(JTA) — In Sheldon Oberman’s children’s book “The Always Prayer Shawl,” a grandfather passes on his tallit to his grandson along with the sage advice, “Some things change and some things don’t.” At public readings, Oberman wore his grandfather’s tallit, which had inspired the story. When a non-Jewish author told him that she wished she could tell stories the way he did, he placed the tallit on her shoulders and told her, “You can! You can do it.”
This story illustrates how religion functions in complex ways in the lives of North American Jews. Was Oberman’s tallit a religious object? Was he using it in religious ways?
The new study of American Jews by the Pew Research Center, too, reflects the complicated and often contradictory ways that Jews employ the concept of “religion” as well as the way “some things change and some things don’t” in both American Jews’ practices and sociological studies of them. Like the 2013 Pew study of American Jews, “Jewish Americans in 2020” divides Jews into “Jews by religion” and “Jews of no religion.” Jews by religion say their current religion is Jewish. According to Pew, 27% Jewish adults do not identify their religion as Jewish but consider themselves Jewish ethnically, culturally or by family background. Among Jews 18-29, that number rises to 40%, twice that of Jews ages 50-64.
Some may wring their hands over what they see as dwindling participation in Judaism as a religion, as commentators did after the last survey. But what I see in this survey is evidence of the innovative and ever-changing ways Jewish religion is practiced, not grounds for panic.
Although the authors inform us “religion is not central to the lives of most U.S. Jews,” the concept of religion, as most Americans use it today, is a modern, Protestant creation, and Jewish practices fit uncomfortably in the category. Despite the best efforts of Jewish thinkers to separate religious and cultural aspects of Jewish practice, the boundaries have never been clear. Traditional understandings of “religion” have rested uneasily with Jewish realities, which have a greater focus on communities and practices. Only 20% of survey respondents said that their “religious faith” provides a great deal of meaning and fulfillment, perhaps because American Jews rarely use the language of faith.
Read more about what the 2020 Pew study reveals about American Jews.
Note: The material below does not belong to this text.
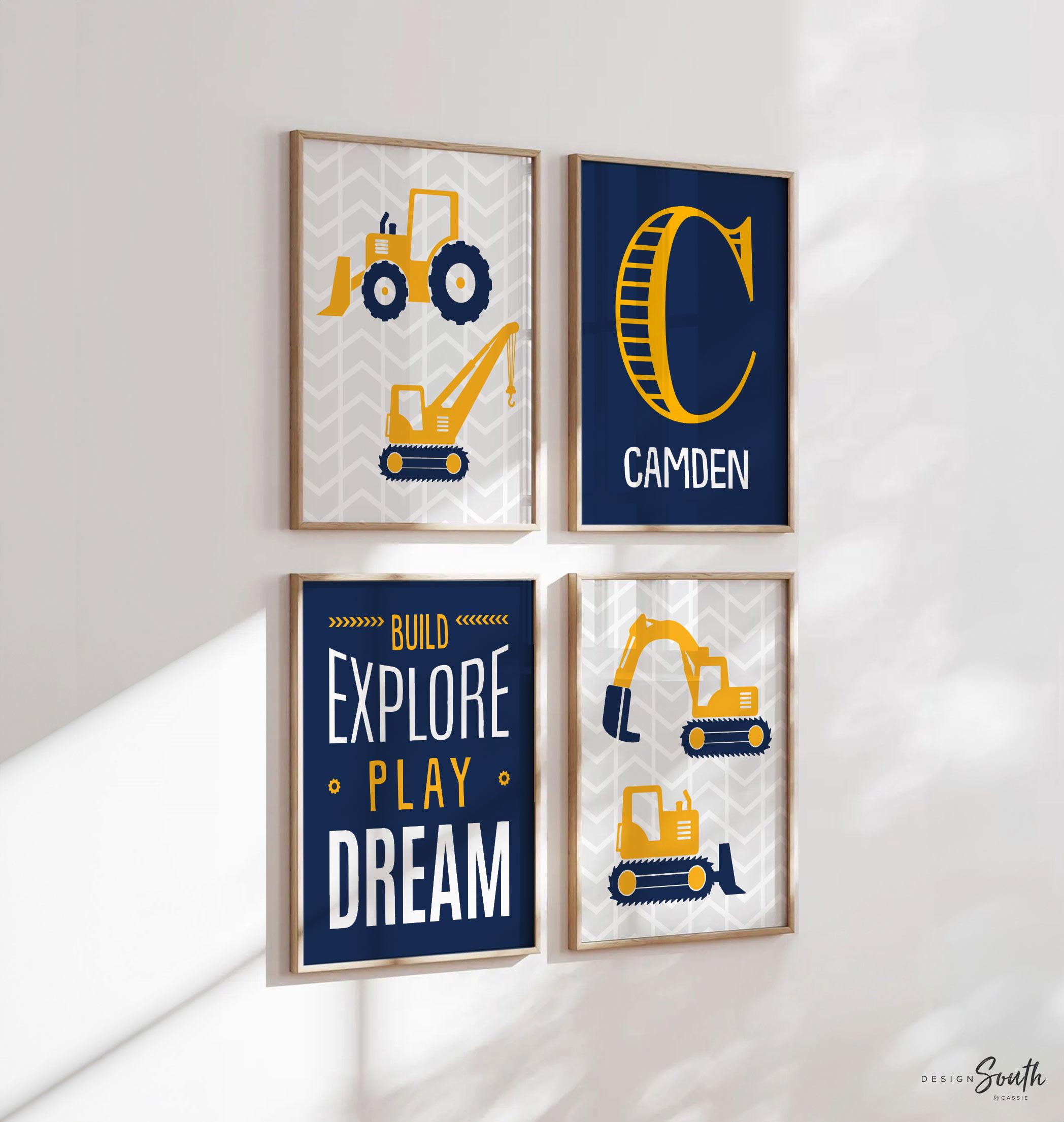 Product description: Construction truck art prints in charcoal, seagull and saffron with matching print reading, "Build. Explore. Play. Dream." Matching personalized print to be customized with your child's name. Other options are also available in my shop.

But the study does reveal the many ways that American Jews of all kinds create Jewish meaning in their lives. These include practices traditionally understood as religious, such as attending a seder (62%), and those understood as cultural, such as cooking or eating traditional Jewish foods (72%).
In my book, “Beyond the Synagogue: Jewish Nostalgia as Religious Practice,” I argue that making sense of Jews’ practices requires us to employ a broader definition of religion. Following religious studies scholar Robert Orsi, I think religion is best understood as meaningful relationships and the practices, narratives and emotions that create and support these relationships. Understanding religion as relationships makes our interactions with families, our attachments to our ancestors, our connections to communities and the narratives we use to explain our place in the world central to religious activity. It lets us see Jewish religion flourishing in a wide variety of practices and in unexpected sites — in ways that its practitioners might not themselves identify as “religious” because of the way religion is so often narrowly construed.
I applaud the authors of this study for asking far more questions about Jews’ everyday practices than the 2013 study did, as well as for noting that cultural activities complement so-called religious ones. This study finds that, in large numbers, Jews eat foods they recognize as Jewish, visit Jewish historic sites when traveling, read books and articles about Jewish topics, listen to Jewish music, and watch TV and film with Jewish themes. What all of these activities have in common is that they allow Jews to place themselves within narratives that provide existential meaning. I wish that the study had asked about visits to Jewish museums, which are increasingly important spaces of Jewish community, or genealogical research, a wildly popular pastime that helps Jews place themselves within family and communal histories that cross time and space.
I suggest we pay more attention to what Jews do than to what they name as “essential” to their identity, as the study continues to ask, echoing the 2013 study. Only 20% of American Jews consider eating traditional Jewish foods to be essential to what being Jewish means to them. But the wording of the question does not reflect Jews’ realities. Eating foods recognized as “Jewish” may be a meaningful part of a Jew’s life, but it may be too quotidian, too easily overlooked, to be recognized as essential or important according to traditional metrics of religion. Commonplace activities such as eating foods that remind us of our families, our communities, and our histories are often quietly fundamental to religious identities rather than explicitly identified as essential to them.
Likewise, the study finds that large numbers of Jews own Jewish ritual objects. The fact that 24% of “Jews of no religion” own a Hebrew-language prayer book should give us pause. As religious studies scholar Vanessa L. Ochs finds, American Jews unobtrusively enact important parts of their identities through the material objects they have in their homes, including items they rarely if ever use. Oberman’s unconventional use of his tallit reminds us that Jews can find new and sometimes surprising meanings in ritual objects, even outside of traditional contexts.
Some things change, and some things don’t. American Jews continue to find meaning in emotional connections to their families, communities, and histories, though the ways they do so continue to change. Expanding our definition of “religion” can help us better recognize the ways in which they are doing so.